As described above, according to the present invention, of the divided route data stored in the storage unit of the operation control device mounted on the automatic guided vehicle, the start station to the destination station are obtained. When the unmanned guided vehicle is operated to the destination station while connecting the divided route data until the station,
Of the divided route data between each intermediate station between the starting station and the destination station,
A stop mode for stopping the automatic guided vehicle at each station on the way to operate the station.
Since the automatic guided vehicle is caused to travel based on the traveling mode data for canceling the data and continuing the traveling operation, the respective stations on the operation route and the respective stations are arranged. The divided route data stored in the storage unit does not require common data for each divided route data in each section, between the station and the branch point, or in each section between the branch point and the branch point. Since the number of data is reduced and the data area of the storage unit can be reduced, the cost of the storage unit can be reduced.

[Brief description of the drawings]

FIG. 1 is an operation route diagram of an embodiment of the present invention.

FIG. 2 is an array diagram showing contents of divided route data.

FIG. 3 is an array diagram showing the contents of another divided route data.

FIG. 4 is an array diagram showing the contents of two divided root data to be connected.
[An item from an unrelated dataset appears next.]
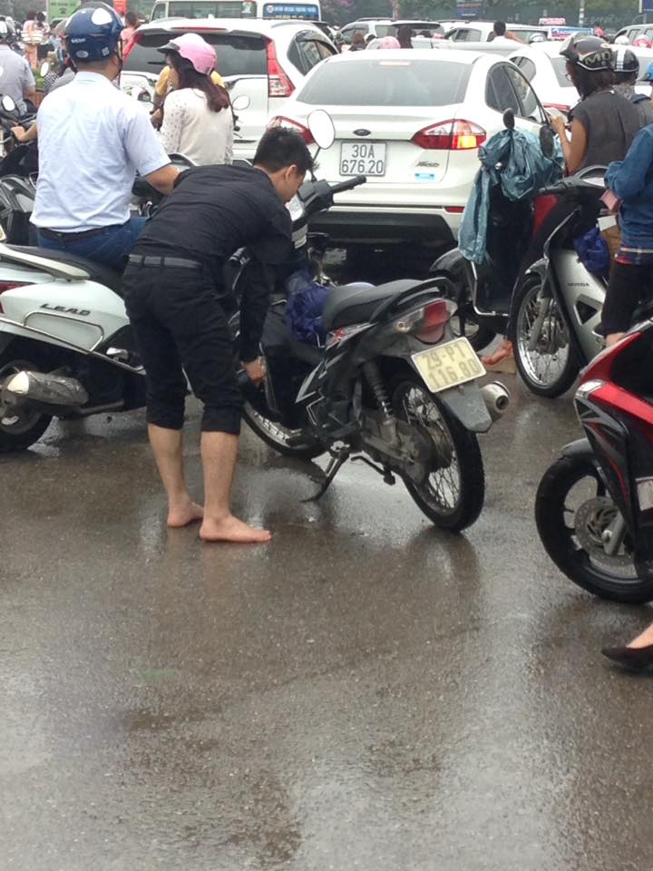| Nam thanh niên phải tháo giầy ra do nước ngập quá sâu. Ảnh: Hồng Hạnh |
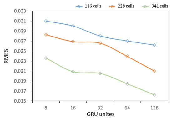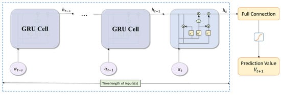 A GRU is a type of gated RNN; it is one of the most effective sequence modelers available []. In principle, GRUs are similar to LSTMs, as they both use gates to control their input and memory in solving the vanishing gradient in conventional RNNs. However, an LSTM has three gates, whereas a GRU only has two (the reset and update gates), which reduces the number of parameters, thus improving the learning efficiency. Hence, we used a GRU to capture the time-dependence of the spatio-temporal series (Figure 7). The predictions of the model are partially affected by the length of the input time steps. The prediction of some information in the next instant, based on the information in the s preceding time steps, can be expressed as follows:

FIG. 5 is a flowchart showing a control operation of the operation control device.
FIG.

FIG. 6 is an operation route diagram for explaining the contents of conventional divided route data.

[Explanation of symbols]

 1 Split route data 2 Split route data A Station B Station C Station a General mode command b Stop mode command c General mode command d Stop mode command

Claims (1)

(57) [Claims] 1. An operation instruction of an automatic guided vehicle in each section between stations on an operation route, between stations, between stations and branch points, or between sections of branch points. Is provided in the storage unit of the operation control device of the automatic guided vehicle, and the automatic routed vehicle is connected to each of the divided route data from the start station to the destination station. In the process of driving to the destination station, the automatic guided vehicle stop mode in each divided route data between each intermediate station between the starting station and the destination station. An operation control method for an automatic guided vehicle, in which the automatic guided vehicle travels without stopping at each of the above-mentioned stations by canceling the data.